Headstrong and Passionate
One of the traits that I value highly in myself is my ability to make my decisions, no matter how much pressure I face. I have never been able to let others choose what is best for me. Throughout my entire childhood, I have found this aspect of my personality extremely beneficial in the long run. I have learned for myself when it is worth it to say no, or cease activities that I am no longer invested in. To some people, this might make me a quitter. I have quit swimming lessons, art classes, Girl Scouts, every sport imaginable, and most recently, band. While each of these activities arguably gave me valuable experiences, the best lesson I have ever learned is personal independence.

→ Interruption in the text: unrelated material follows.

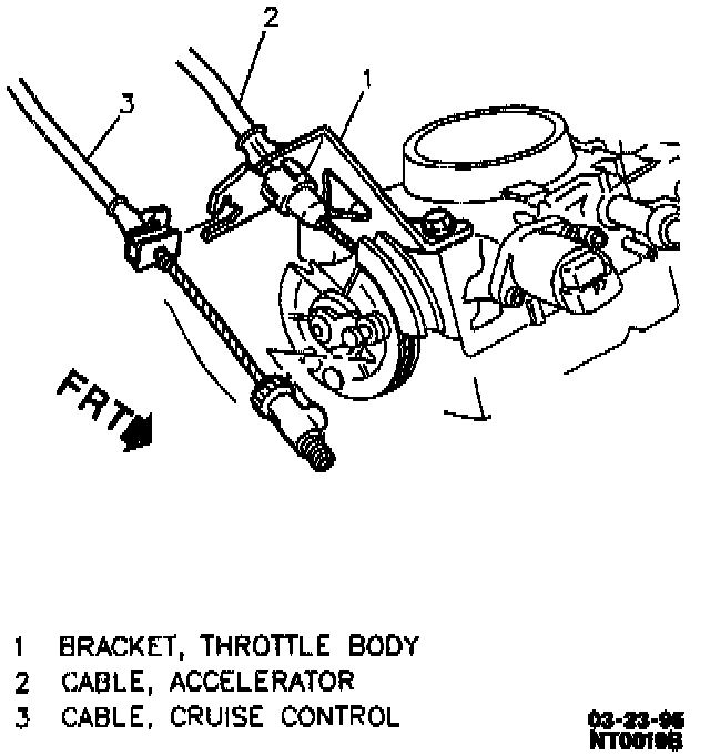 1. Cruise control cable tab from TBI cam. Rotate throttle body cam to 1/4 open throttle to release tab.

One experience that began earliest and lasted the longest was my membership in the Girl Scout Association. The values of honor, duty, kindness, and on and on, were crammed into my mind, and once I could display them, I could earn a flower petal patch for my Daisy uniform. This process did little for me other than foster defiance for authority. There is absolutely nothing wrong with joining a group that encourages life skills, entrepreneurship, and compassion for girls; it is extremely positive for millions each year. It just doesn’t work for everyone. Honestly, my best experience in Girl Scouts was witnessing a flag-burning ceremony at camp when I was six; it is still the most exciting event I have ever partaken in. Girl Scouts teaches young women how to think, and I was never able to properly conform. The same inability to behave as expected was found in my failed attempts at summer camp and refusal to play team sports.
Distinctive from my inability to be a team player is my inability to be complacent in a task that I do not find immensely beneficial. This manifested early on with my refusal to continue swimming lessons. Nowadays I can barely keep my head above water, but when I was four, it was worth it to find other activities, and I believe it was still worth it now. If I no longer see the value in a task, I will not persist. What works for me is choosing my own path. My interests have formed through my own personal cultivation and dedication. My love of reading took place because I took it upon myself at age five to read Harry Potter after my mother refused to, because I demanded to be taken to the library many times a week, and because I took responsibility for the thirty-five books I was allowed to check out at a time. I have learned when something is valuable to me; I will do everything I can to give myself the best experience possible. My tendency to be headstrong and passionate in all decision-making processes is something I consider positive; it has taught me to take responsibility for myself and learn the merit of independence.